GIVEN DATA:
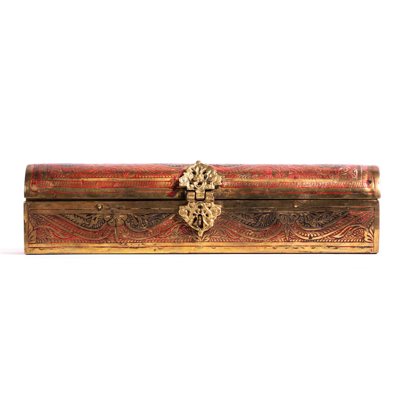 Large Pencase in brass finely inlaid with floral motifs: re-upholstered internally in green woolen cloth; attractive closing hook.
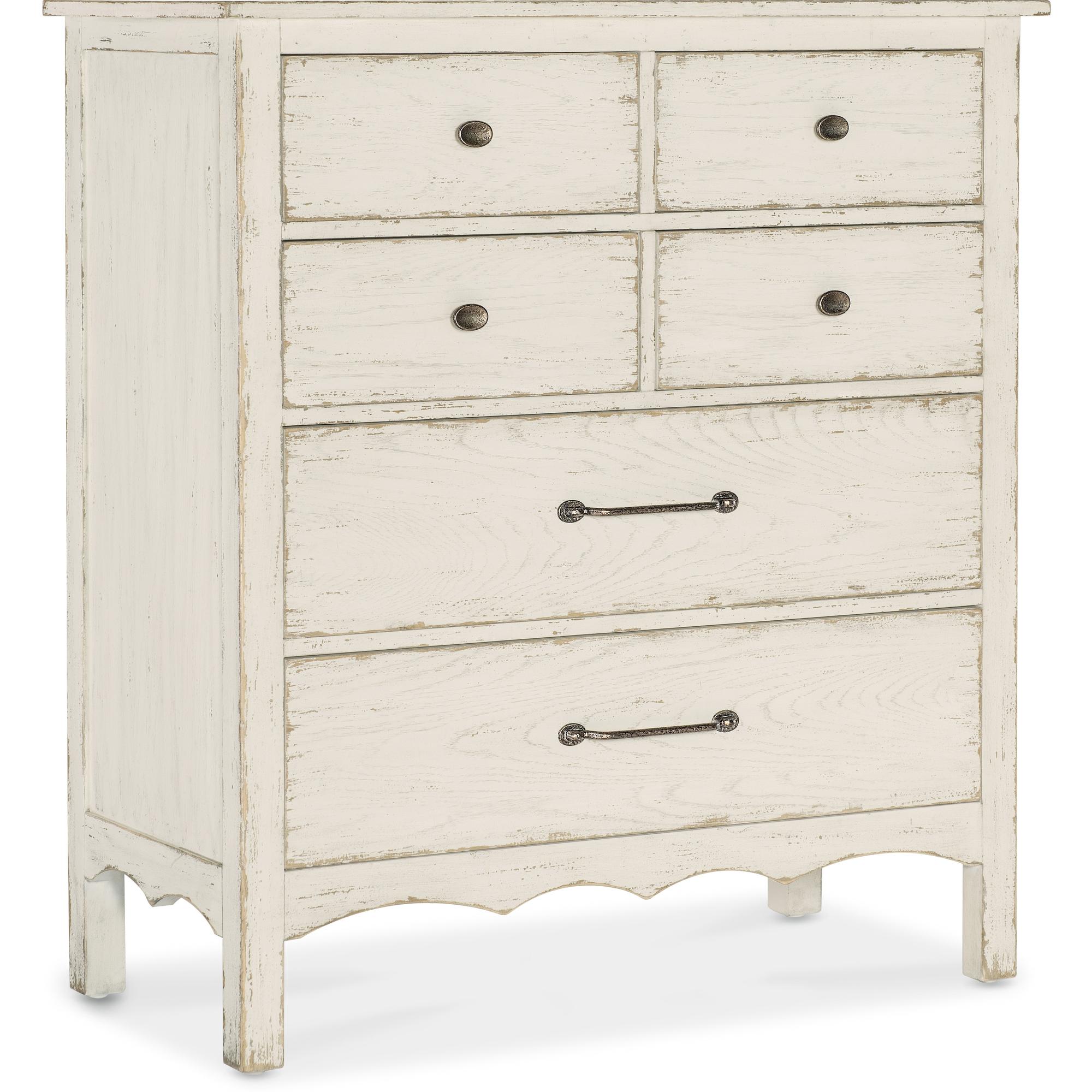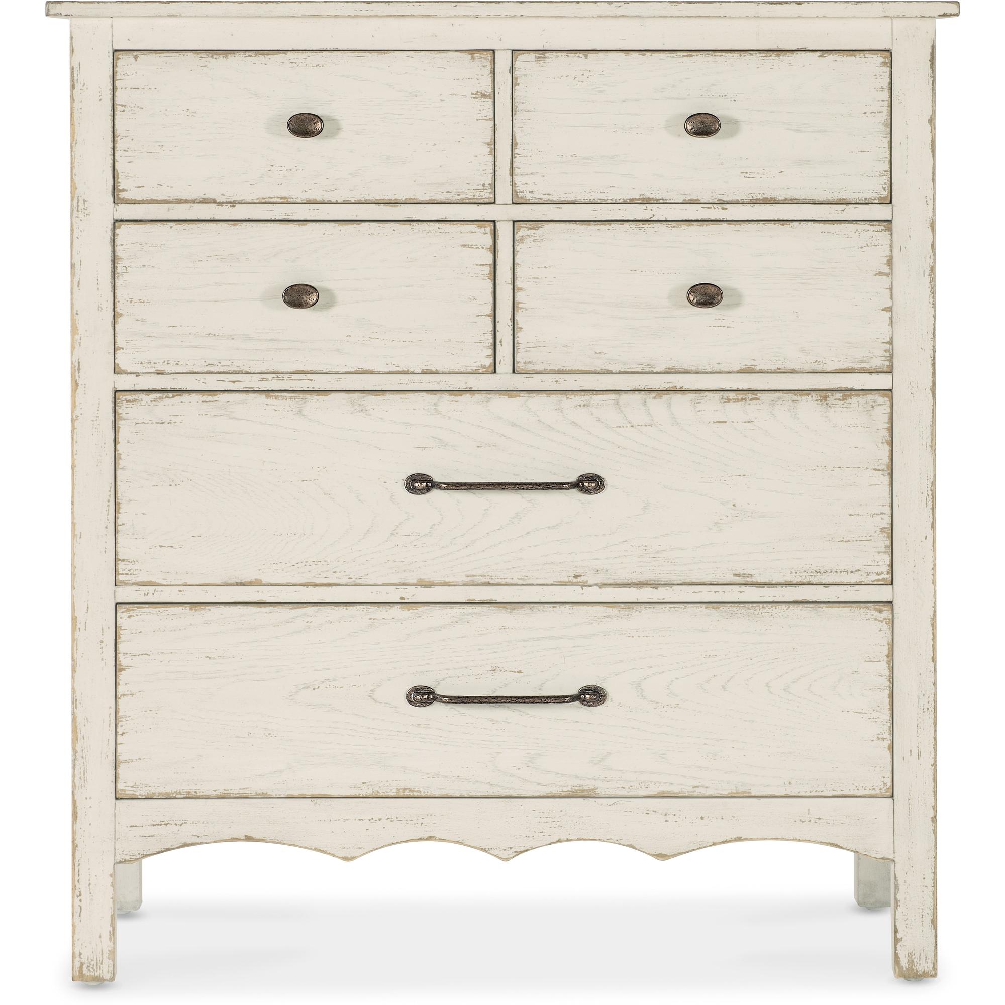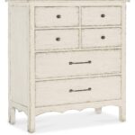 Finish: The Americana Daisy finish is a time worn white finish on cathedral oak veneers representing the natural wear one might expect of pieces passed down through the family over time revealing the rich oak character beneath. Metal alloy knob pulls in an antique bronze finish.
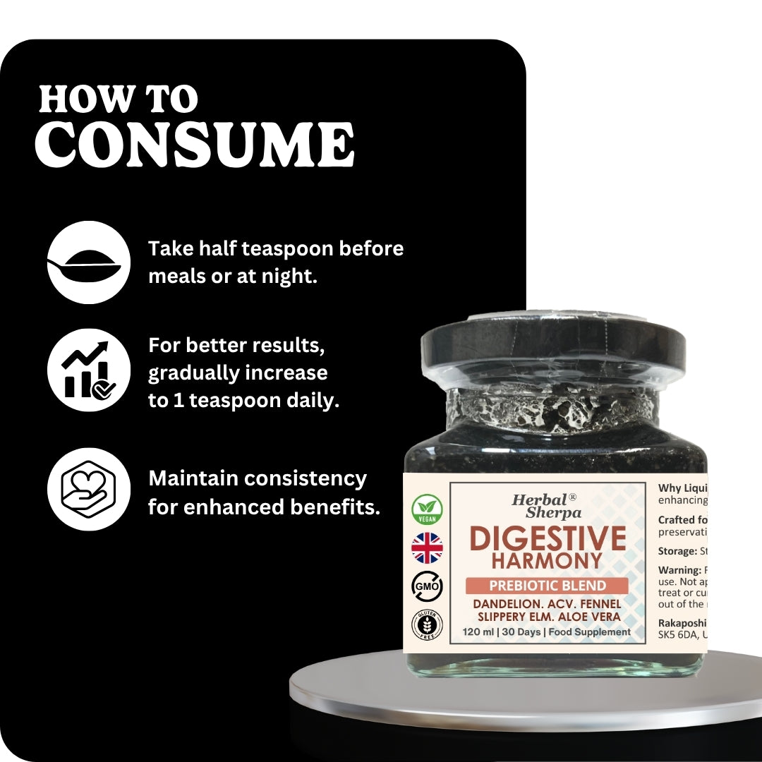 Supporting comfortable daily digestion and overall wellness starts with the right nutrients. Herbal Sherpa Fibre-Focused Liquid Formula is a premium, plant-based liquid blend crafted in the UK to easily fit into your everyday routine.
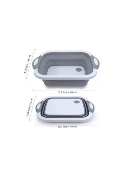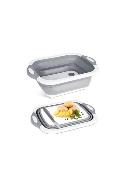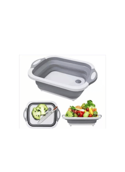 Recipiente dos en uno plegable con sistema de drenaje, ideal para lavar alimentos y funciona como tabal de picar. Fácil de limpiar. Ayuda a ahorrar espacio.
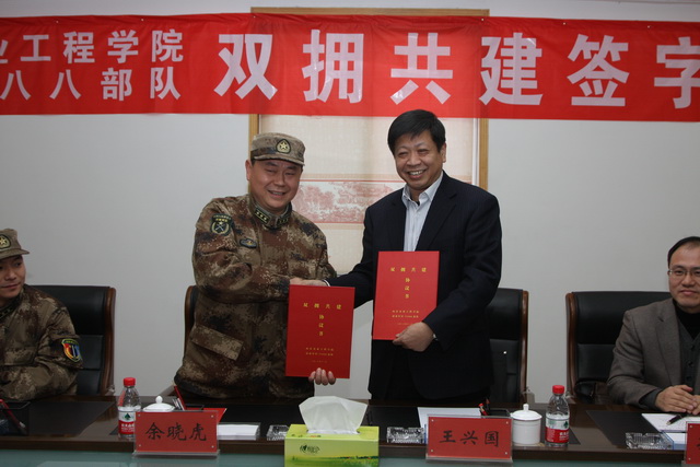 为加强军民团结,进一步发扬拥军优属、拥政爱民的优良传统,推进我院和部队精神文明建设,经双方友好协商,我院与71988部队于11月27日下午签订了共建协议。院党委委员、副院长王兴国,71988部队政委余晓虎,我院学生处处长孙会海,院团委副书记、学生处副处长陈献锋,经济管理系党总支书记李世军,会计系党总支书记曲珍英,语言文学系党总支副书记石岩,艺术系党总支副书记马荣先,71988部队副政委王付全、李兴安,政治处主任潘瑞涛出席签约仪式。仪式由71988部队政治处主任潘瑞涛主持。
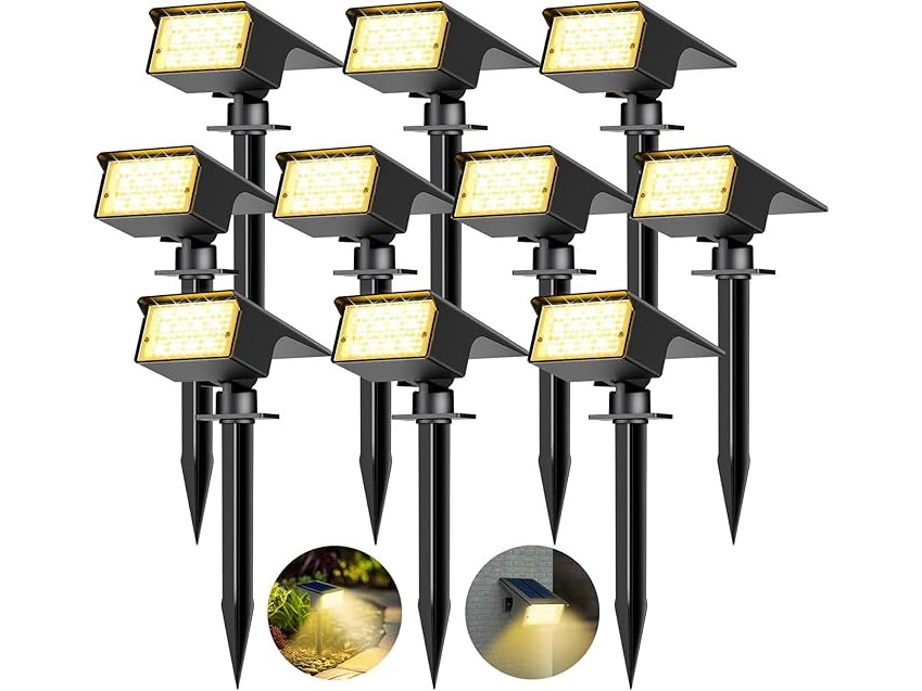Gebruikssporen, getest en werkend, Kolpop 10 stuks / 77 LED buitenlampen op zonne-energie 3000K warm wit, waterdicht IP65, 1800 LM, geschikt voor terras, zwembad, bloempotten, vloer, oprit, patio, B0F38D1K82
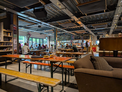 I recently visited this canal-side venue thatās perfect for a drink and a bite to eat. The place feels spacious and has a fantastic atmosphere with a modern vibe. The DJ was playing upbeat music, which added to the lively ambiance. After enjoying a pint of cider, I discovered a roller disco upstairsāa complete and delightful surprise! If I hadnāt brought my dog (did I mention theyāre dog-friendly?), I would have definitely joined in the fun!
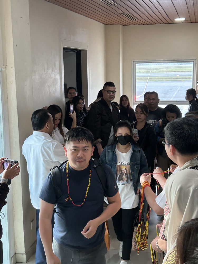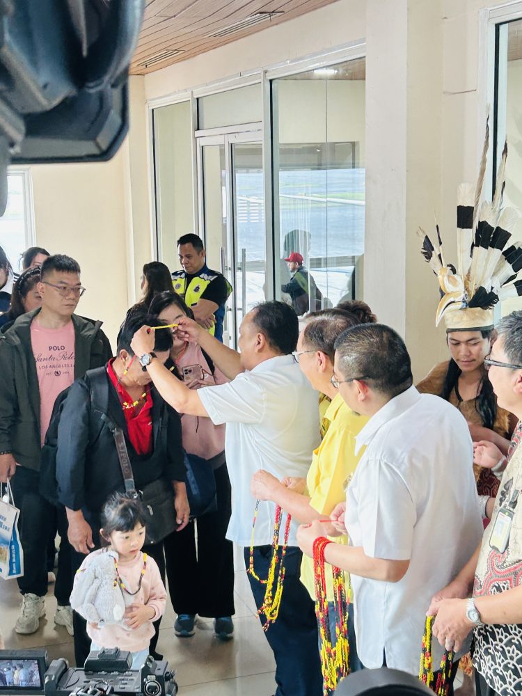 SELAMAT DATANG…Datuk Henry Harry Jinep bersama tetamu kehormat yang lain menyambut para penumpang dari Guangzhou ke Kuching pagi tadi. Foto Norman B

ABOUT THIS TASK: Set down exactly and only the lines from the line that contains "Gebruikssporen, getest en" through the last line of the entries above, with both of those lines included and the pictures left out.

SOLUTION:
Gebruikssporen, getest en werkend, Kolpop 10 stuks / 77 LED buitenlampen op zonne-energie 3000K warm wit, waterdicht IP65, 1800 LM, geschikt voor terras, zwembad, bloempotten, vloer, oprit, patio, B0F38D1K82
 I recently visited this canal-side venue thatās perfect for a drink and a bite to eat. The place feels spacious and has a fantastic atmosphere with a modern vibe. The DJ was playing upbeat music, which added to the lively ambiance. After enjoying a pint of cider, I discovered a roller disco upstairsāa complete and delightful surprise! If I hadnāt brought my dog (did I mention theyāre dog-friendly?), I would have definitely joined in the fun!
 SELAMAT DATANG…Datuk Henry Harry Jinep bersama tetamu kehormat yang lain menyambut para penumpang dari Guangzhou ke Kuching pagi tadi. Foto Norman B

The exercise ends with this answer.